- Metaphors
- Issues
- Interfaces
- Implementations
- Collections
- Extending Collections
- Conclusion
Implementations
Choosing implementation classes for collections is primarily a matter of performance. As with all performance issues, it is best to pick a simple implementation to begin with and then tune based on experience.
Figure 9.1 Collection interfaces and classes
In this section, each interface introduces alternative implementations. Because performance considerations dominate the choice of implementation class, each set of alternatives is accompanied by performance measurements for important operations. Appendix, “Performance Measurement,” provides the source code for the tool I used to gather this data.
By far the majority of collections are implemented by ArrayList, with HashSet a distant second (~3400 references to ArrayList in Eclipse+JDK versus ~800 references to HashSet). The quick-and-dirty solution is to choose whichever of these classes suits your needs. However, for those times when experience shows that performance matters, the remainder of this section presents the details of the alternative implementations.
A final factor in choosing a collection implementation class is the size of the collections involved. The data presented below shows the performance of collections sized one to one hundred thousand. If your collections only contain one or two elements, your choice of implementation class may be different than if you expect them to scale to millions of elements. In any case, the gains available from switching implementation classes are often limited, and you’ll need to look for larger-scale algorithmic changes if you want to further improve performance.
Collection
The default class to use when implementing a Collection is ArrayList. The potential performance problem with ArrayList is that contains(Object) and other operations that rely on it like remove(Object) take time proportional to the size of the collection. If a performance profile shows one of these methods to be a bottleneck, consider replacing your ArrayList with a HashSet. Before doing so, make sure that your algorithm is insensitive to discarding duplicate elements. When you have data that is already guaranteed to contain no duplicates, the switch won’t make a difference. Figure 9.2 compares the performance of ArrayList and HashSet. (See Appendix A for the details of how I collected this information.)
Figure 9.2 Comparing ArrayList and HashSet as implementations of Collection
List
To the Collection protocol, List adds the idea that the elements are in a stable order. The two implementations of List in common use are ArrayList and LinkedList.
The performance profiles of these two implementations are mirror images. ArrayList is fast at accessing elements and slow at adding and removing elements, while LinkedList is slow at accessing elements and fast at adding and removing elements (see Figure 9.3). If you see a profile dominated by calls to add() or remove(), consider switching an ArrayList to a LinkedList.

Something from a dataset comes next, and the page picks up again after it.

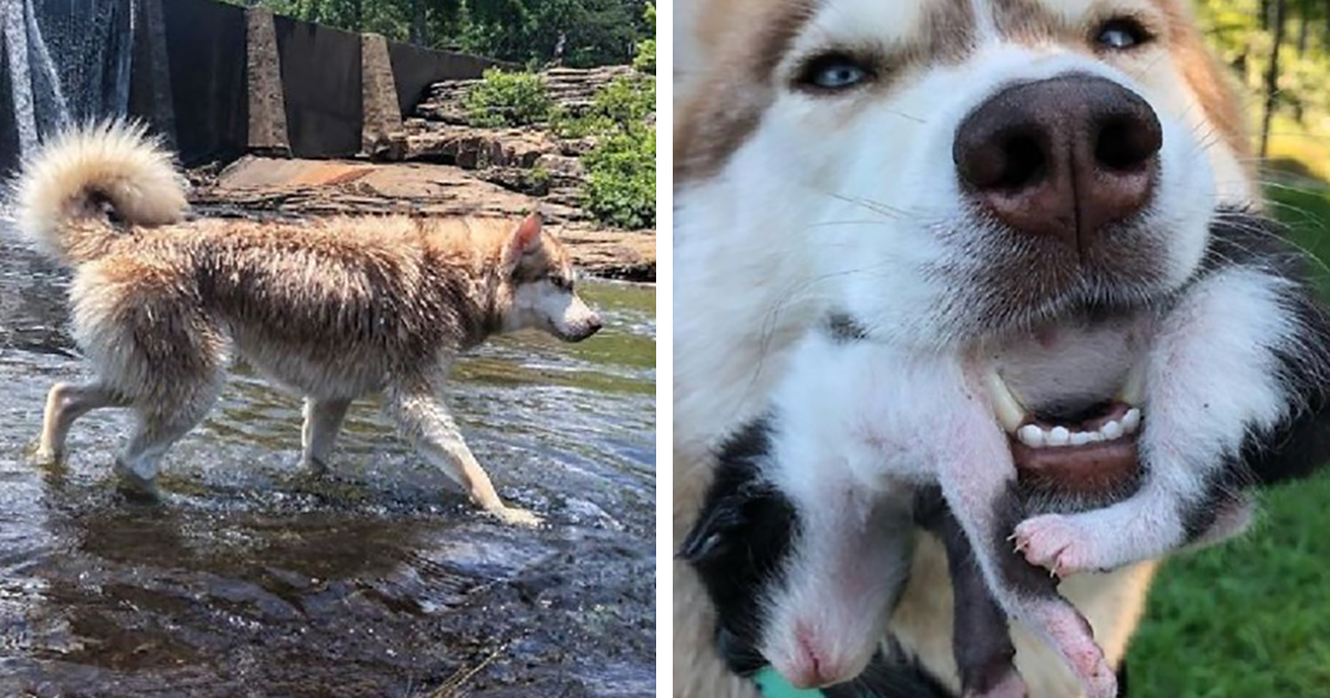 The faithful Husky named Banner is the most protective and loyal guardian for her

Figure 9.3 Comparing ArrayList and LinkedList
Set
There are three main implementations of Set: HashSet, LinkedHashSet, and TreeSet (which actually implements SortedSet). HashSet is the fastest but its elements are in no guaranteed order. A LinkedHashSet maintains elements in the order in which they were added, but at the cost of an extra 30% time penalty for adding and removing elements (see Figure 9.3). TreeSet keeps its elements sorted according to a Comparator but at the cost of making adding and removing elements or testing for an element take time proportional to log n, where n is the size of the collection.
Choose a LinkedHashSet if you need the order of elements to be stable. External users, for example, may appreciate getting elements in the same order each time.
Figure 9.4 Comparing Set implementations.
Map
The implementations of Map follow a similar pattern to the implementations of Set. HashMap is the fastest and simplest. LinkedHashMap preserves the order of elements, iterating over the elements in the order in which they were inserted. TreeMap (actually an implementation of SortedMap) iterates over entries based on the order of the keys, but at the cost of making insertion and inclusion testing take time proportional to log n. Figure 9.5 summarizes the way performance scales for these Map implementations.
Figure 9.5 Comparing Map implementations.